Renaud désire ardemment se trouver à côté de Roland dans ce combat ; mais il est bien éloigné du champ de bataille. Tous les dix milles, il change de chevaux et de guides, et court à bride abattue. Il passe le Rhin à Constance, et, comme en volant, il traverse les Alpes et arrive en Italie. Laissant derrière lui Vérone et Mantoue, il atteint le Pô, et le passe en toute hâte.
Déjà le soleil touchait au terme de sa course, déjà la première étoile apparaissait au ciel, et Renaud, debout près de la rive, se demandait s’il devait changer de cheval, ou se reposer en ce lieu, jusqu’à ce que les ténèbres se fussent dissipées devant la belle aurore, lorsqu’il vit venir à lui un chevalier à l’aspect et aux manières pleins de courtoisie.
Celui-ci, après l’avoir salué, lui demanda poliment s’il était marié. Renaud lui dit : « — Je suis en effet soumis au joug conjugal. — » Mais en lui-même il s’étonnait de cette demande, lorsque son interlocuteur ajouta : « — Je me réjouis qu’il en soit ainsi. — » Puis, pour lui expliquer ses paroles, il dit : « — Je te prie d’avoir pour agréable d’accepter ce soir l’hospitalité chez moi.
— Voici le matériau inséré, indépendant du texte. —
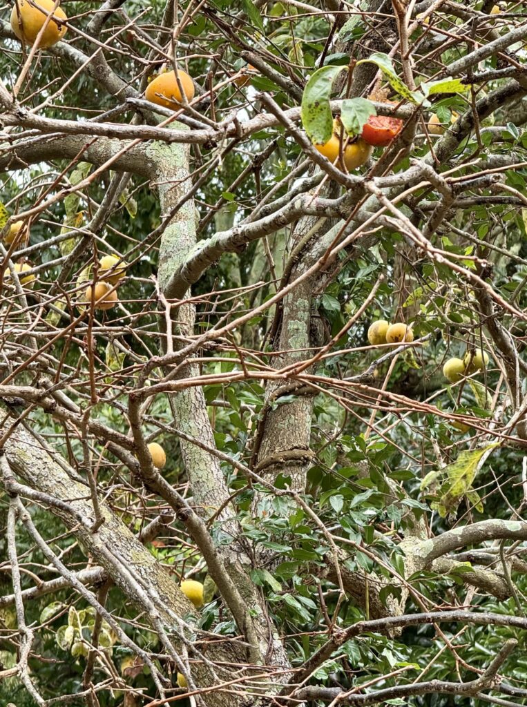 仕入れ道中にある、秋の確認処であり、鳥たちのお食事処の柿の木食堂です。実は熟すと落ちますが、樹上でも地上でも、ツンツンつっついている鳥を見る事もあります。「ようやく秋だねぇ」「そうだねぇ」というおしゃべりも聞こえてきそうです。

« Je te ferai voir une chose que doit volontiers connaître quiconque a femme à son côté. — » Renaud, autant parce qu’il voulait se reposer, fatigué qu’il était d’avoir couru, autant par le désir inné qu’il avait toujours eu de voir et d’entendre de nouvelles aventures, accepta l’offre du chevalier, et le suivit.
Ils sortirent de la route à une portée d’arc, et se trouvèrent devant un grand palais, d’où accoururent un grand nombre d’écuyers avec des torches allumées, qui projetèrent autour d’eux une grande clarté. Renaud, étant entré, jeta les regards autour de lui, et vit un palais comme on en voit rarement, admirablement construit et distribué, et trop vaste pour servir de demeure à un homme de condition privée.
La riche voûte de la porte d’entrée était toute en serpentine et en dur porphyre. La porte elle-même était en bronze, et ornée de figures qui semblaient respirer et remuer les lèvres. On passait ensuite sous un arc de triomphe, où un mélange de mosaïques flattait agréablement les yeux. De là partait une cour carrée, dont chaque côté avait cent brasses de long.
Chaque côté de cette cour était bordé de pavillons ayant chacun une porte spéciale. Les portes étaient séparées par des arcades d’égale grandeur, mais de formes variées. Chaque arcade pouvait facilement donner accès à un sommier avec sa charge, et conduisait à un escalier d’où l’on pénétrait dans une salle par une arcade supérieure.
Les arcades supérieures dépassaient l’alignement général de façon à recouvrir les portes. Chacune d’elles était soutenue par deux colonnes, l’une de bronze, l’autre de roche. Il serait trop long de vous faire une entière description des pavillons de la cour, et de vous parler, en outre, de ce que l’on apercevait au-dessus du sol, des souterrains que le maître de ce palais avait fait construire sous tous les bâtiments.
Les hautes colonnes avec leurs chapiteaux en or incrustés de pierreries ; les marbres étrangers sculptés de mille manières par une main habile ; les peintures et les stucs, et une foule d’autres ornements, dont la plupart étaient dérobés aux regards par l’obscurité, indiquaient que les richesses réunies de deux rois n’avaient pas dû suffire à bâtir un tel édifice.
Parmi les ornements magnifiques qui ornaient en profusion cette riante demeure, il y avait une fontaine qui répandait ses eaux fraîches et abondantes par une foule de petites rigoles. C’est là que les serviteurs avaient dressé les tables, droit au milieu de la cour. On l’apercevait des quatre portes du principal corps de bâtiment.